Shifting States
University of Adelaide, 11-15 December 2017
This conference aims to extend recent anthropological theorising on the state. Anthropology has long been interested in the comparative study of states, and from the mid-twentieth century onwards, at least, anthropologists have provided rich ethnographic accounts of, and key theoretical insights into, states as institutional and bureaucratic formations, as purveyors of nationalist sentiment (especially in post-colonial settings), and as custodians of public ritual. However, in recent years, a growing body of anthropological work has extended these definitions further still, by drawing attention to the ways in which ‘statecraft’ may be embedded within wider sets of relations, representations, and practices as well.
One key concern of this contemporary literature has been to highlight the ways in which the elements of statecraft are made manifest through, yet may also become dependent upon, different kinds of materialities, including documents, audio-visual media, and different kinds of physical spaces. Another has been to examine the kinds of affective, embodied responses that state processes, practices and systems often generate. A third interest has been to examine what implications all of this has for our understanding of the relationship between states and persons. Against earlier models, which cast the state as a set of discrete institutions that could be (in a sense) ‘set against’ its individual subjects or citizens, this newer scholarship has emphasised the ways in which state imaginaries and practices may be imminent to, and embedded within, processes of socialization and subject formation. In some instances, the two may even become homologous of each other (as they have – some would argue – under the conditions of late-capitalism/neo-liberalism).

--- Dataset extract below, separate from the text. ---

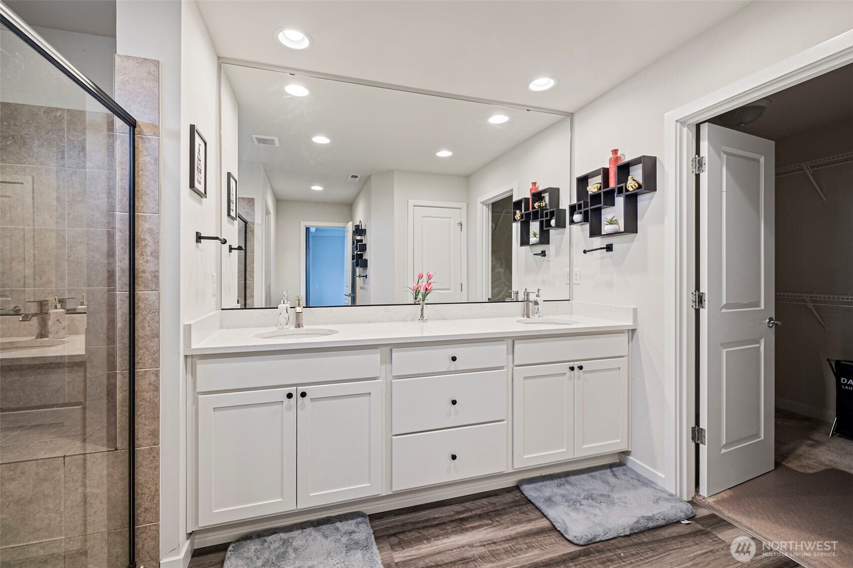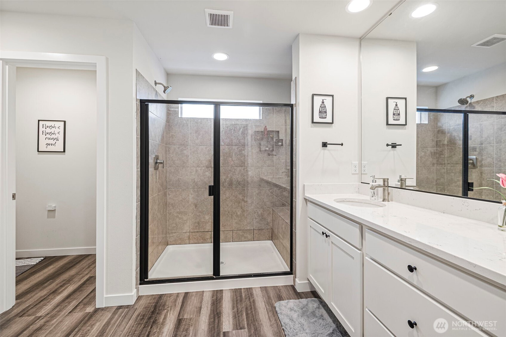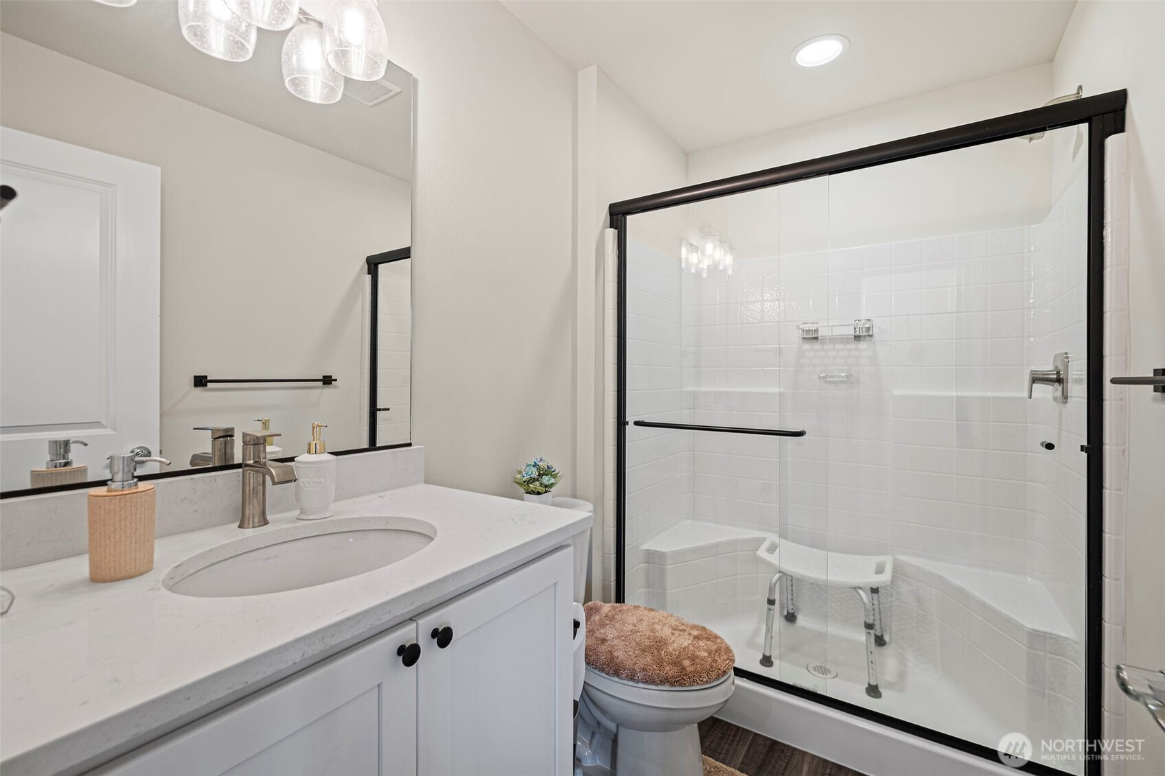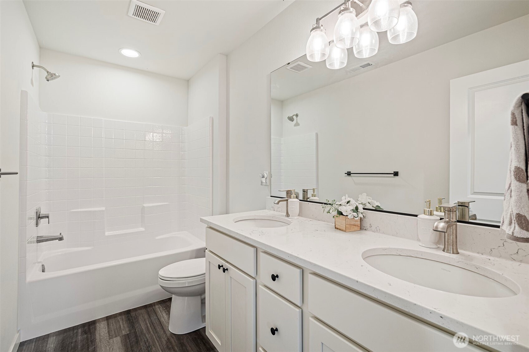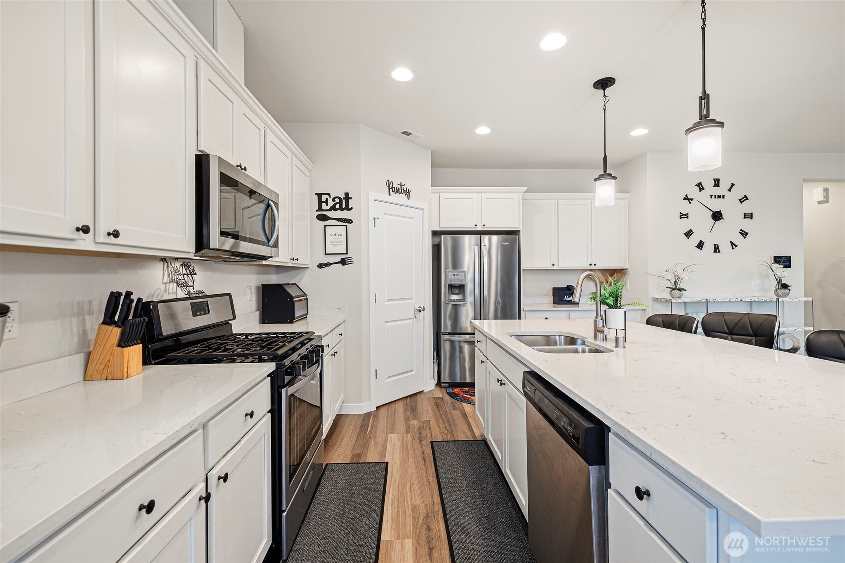 Explore this beautifully maintained Pulte resale 4-bd + den home in the sought-after Ashdale community, set on a generous lot! The versatile floor plan features 3 spacious bd upstairs + guest bedroom with a walk-in closet and 3/4 bath on the main level. The great room connects the main living areas, showcasing a stunning chef's kitchen w/breakfast bar, large dining room w/balcony, & a cozy living room w/gas fireplace & the den. The top floor hosts the luxurious primary suite w/walk-in closet & oversized shower, plus 2 additional bds, a full bath, & convenient laundry room. Enjoy a 3-car garage, AC, a large yard, & easy-care flooring. Benefit from the community park, convenient access to I-5, dining, shopping, parks/trails & more!

There is a sense in which addressing these concerns is becoming more urgent in the current historical moment. In other words, in the context of a rising entertainment-security complex, of increased state secrecy (and eroded personal privacy), of ongoing attempts by post-colonial governments to forge new kinds of settlements with indigenous peoples, of a return to state-led industrialisation across the ‘developing world’, and of growing distrust, across the political spectrum, of ‘globalization’ – to name just a few trends – the need for us to more effectively document, and to theorise, the materialities, affects, and sociologies of states has become more vital than ever. Each of these trends appears to have resulted in states becoming more far-reaching, and powerful, than ever before. Yet paradoxically, each seems to have also resulted in statecraft appearing more contingent, fragile, and contestable, than ever. If states and persons are mutually constitutive of each other, then all of these shifts will inevitably have profound effects for the whole of humanity. Therefore, they not only invite, but in fact demand, focused anthropological attention.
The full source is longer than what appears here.